Top 10 user testing methods

There’s a wide range of user tests you can conduct to improve your digital applicaties. We’ve selected our top 10 user testing methods.  

At the end of this article you will know:

✓   Which types of user tests methods there are

✓   Why you should use them

✓   Where to find more info on the different testing methods

Happy Labs top 10 User testing methods

1 – Concept Testing

The first thing you should do when launching a new application or functionality is testing the concept. This way you’ll have a quick and inexpensive way to find out whether it is even necessary to work it out. Testing your new concept can be done with different types of research such as interviews and surveys. Developing your concept in a low-threshold and inexpensive way is also a way to test the feasibility and need of your concept. For example, you can start building a simple website or start your concept on social media to test if there is a need for it within your target audience

Read more about Concept Testing.

2 – Interview

Interviewing your target group is an effective method for collecting qualitative data.It makes sense to conduct these  interviews in various phases of the development process. You can use interviews to learn more about the motives of your target group and to determine the customer journey. In later stages, interviews also make sense to find out what users think of your platform and where their problem areas are.

Read more about User Interviews.

3 – Survey

Using surveys with your target group is an excellent way to collect quantitative data.
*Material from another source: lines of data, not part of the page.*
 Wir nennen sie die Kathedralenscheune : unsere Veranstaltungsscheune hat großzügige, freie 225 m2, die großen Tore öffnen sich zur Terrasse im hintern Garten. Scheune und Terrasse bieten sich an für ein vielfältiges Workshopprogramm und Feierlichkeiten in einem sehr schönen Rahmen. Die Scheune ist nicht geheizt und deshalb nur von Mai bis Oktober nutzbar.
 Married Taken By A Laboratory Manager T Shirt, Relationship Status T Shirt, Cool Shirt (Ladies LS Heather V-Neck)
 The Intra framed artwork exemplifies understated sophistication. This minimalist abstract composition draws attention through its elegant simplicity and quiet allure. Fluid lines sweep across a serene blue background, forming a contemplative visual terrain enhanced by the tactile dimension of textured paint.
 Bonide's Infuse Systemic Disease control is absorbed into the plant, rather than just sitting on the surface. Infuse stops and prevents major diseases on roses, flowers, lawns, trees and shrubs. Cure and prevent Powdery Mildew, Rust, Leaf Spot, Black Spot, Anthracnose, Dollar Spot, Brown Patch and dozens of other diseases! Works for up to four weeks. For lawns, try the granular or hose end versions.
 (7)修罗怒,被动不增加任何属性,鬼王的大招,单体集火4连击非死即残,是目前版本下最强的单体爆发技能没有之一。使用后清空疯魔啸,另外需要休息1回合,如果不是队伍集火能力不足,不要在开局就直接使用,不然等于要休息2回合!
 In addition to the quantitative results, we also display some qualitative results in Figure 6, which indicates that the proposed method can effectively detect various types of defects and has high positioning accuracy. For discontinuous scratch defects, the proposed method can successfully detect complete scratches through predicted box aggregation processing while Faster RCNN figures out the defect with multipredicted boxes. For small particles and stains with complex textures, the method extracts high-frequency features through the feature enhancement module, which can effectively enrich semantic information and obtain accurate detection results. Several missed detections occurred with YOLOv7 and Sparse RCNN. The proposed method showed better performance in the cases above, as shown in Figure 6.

This data gives you valuable information about your concept, application, service or even functionality. By asking the same questions to a large group of people can paint a good picture of what the general consensus is within your target audience.
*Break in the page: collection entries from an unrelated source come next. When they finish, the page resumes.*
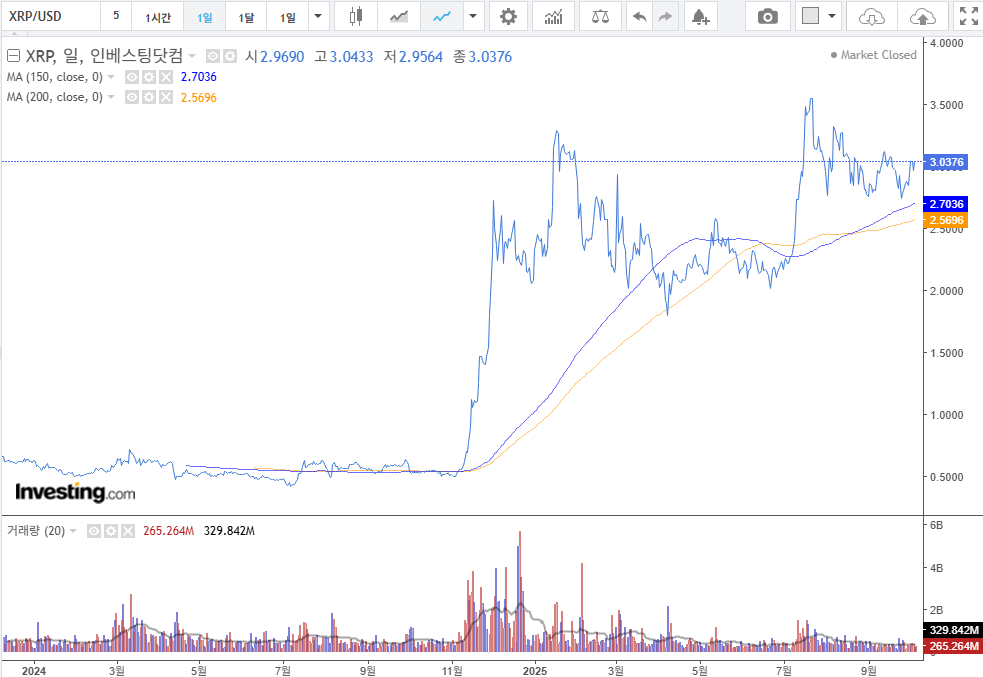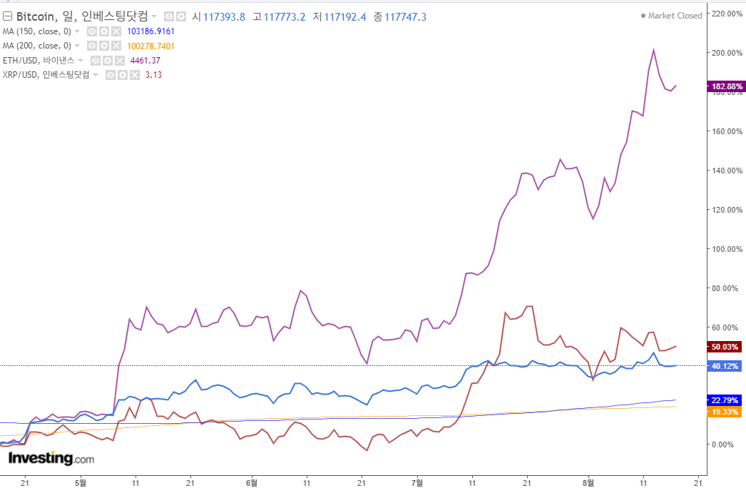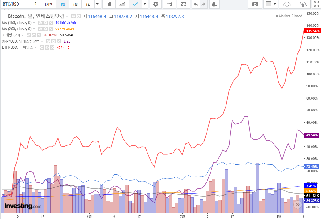 비교해서 보면, 최근 3개월 강도는 ETH가 가장 강력하였다. 7월 중순 이전에는 XRP가 어느정도 따라오는 수준이였으나, 8월 이후에는 ETH가 더 치고 올라가는 모습이다. XRP의 50% 정도 ETH로 포트폴리오 교체해야겠다. 거래대금도 7월 중순부터 지속적으로 우세한 모습이다.
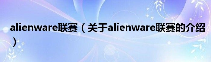 大家好,今天小乐来为大家解答以上的问题。alienware联赛,关于alienware联赛的介绍很多人还不知道,现在让我们一起来看看吧!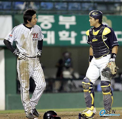 7일 비가 간간이 내리는 가운데 벌어진 잠실 라이벌 LG 트윈스와 두산 베어스의 경기서 LG가 7-4로 역전승을 거둬 잠실 3연전을 모두 승리하며 6연승을 이어갔다. 8회말 1사 3루서 김정민의 1루 땅볼 때 홈을 파고들다 아웃된 LG 이대형이 두산 포수 홍성흔에게 세이프가 아니냐고 물어 보고 있다./잠실=손용호 기자 spjj@osen.co.kr [Copyright ⓒ OSEN(www.osen.co.kr) 무단전재 및 재배포 금지]
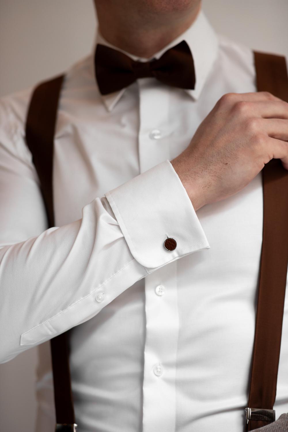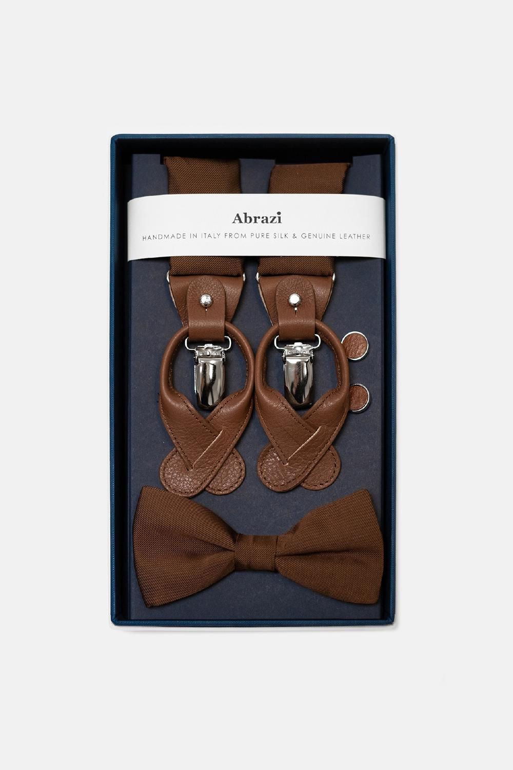 De Abrazi Bretel Set bestaat uit handgemaakte Y-back bretels die kunnen worden gedragen met metalen clips of met knopen, een bijpassende vlinderdas van 100% zijde, een pochet, en een paar leren manchetknopen. Handgemaakt in Italië van pure zijde en echt leer. De Bretels Set is verkrijgbaar in zes verschillende kleuren, een geweldige keuze voor elke bruidegom, getuigen of stijlvolle man.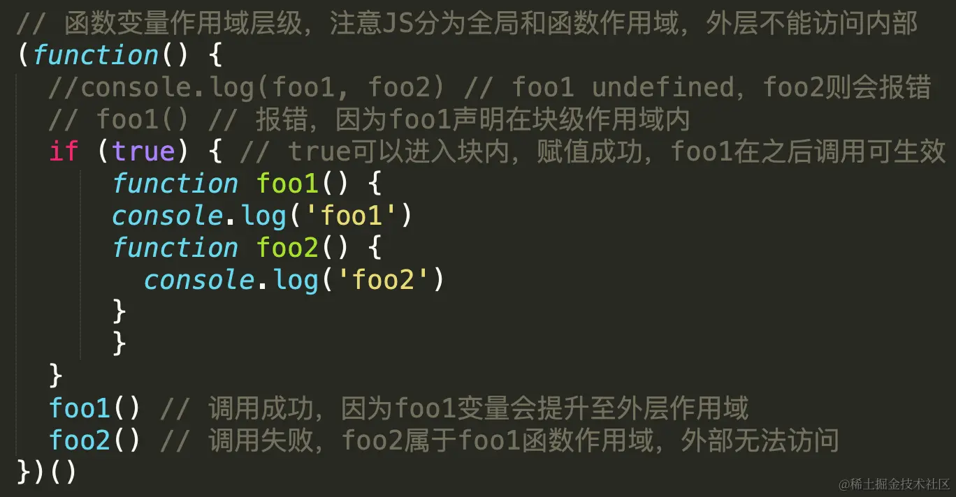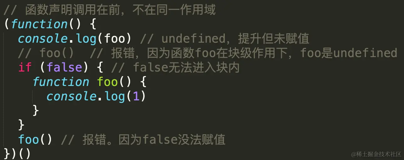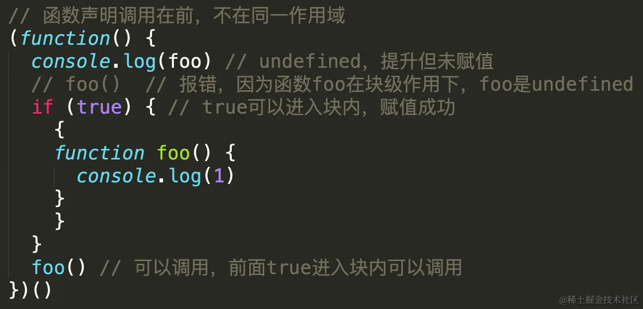 - 在块级作用域下,函数会跨级提升,会确定作用域,但是不会赋值。只有块被执行后才会赋值。函数作用域下的子函数名只会提升至父函数,不会超过父函数的作用域。

Read more about UX surveys.

4 – Card Sorting

Card sorting is an effective method that you can use when you get started with the information architecture of your digital application. During a session with the target group you let them come up with a structure that seems logical to them based on the main topics of your app or website. In this way, your information architecture is determined based on what your target group finds logical, rather than what you find logical. So you can test whether the architecture that you’ve figured out is also the most effective.

Read more about Card Sorting.

5 – Heuristic Evaluation

One of the founders of UX, Jakob Nielsen, has drawn up a list in the nineties with ten guidelines for the design of user interfaces. These guidelines help UX designers and researchers to test and evaluate their digital applications. Heuristic evaluations are often performed by external professionals in the field of UX. A heuristic evaluation is an effective method to remove errors from the design at an early stage before you switch to testing with your target group.

Read more about Heuristic Evaluations.

6 – Usability Test

A usability test is, as the name suggests, a test that checks whether the digital application is easy to learn and use. In a usability test, test persons are observed while performing specific tasks. While performing these tasks, attention is paid to their body language, facial expressions, emotions and test subjects are encouraged to talk aloud. By carrying this out with various test persons, qualitative and quantitative data can be collected to identify problems with the usability of the application.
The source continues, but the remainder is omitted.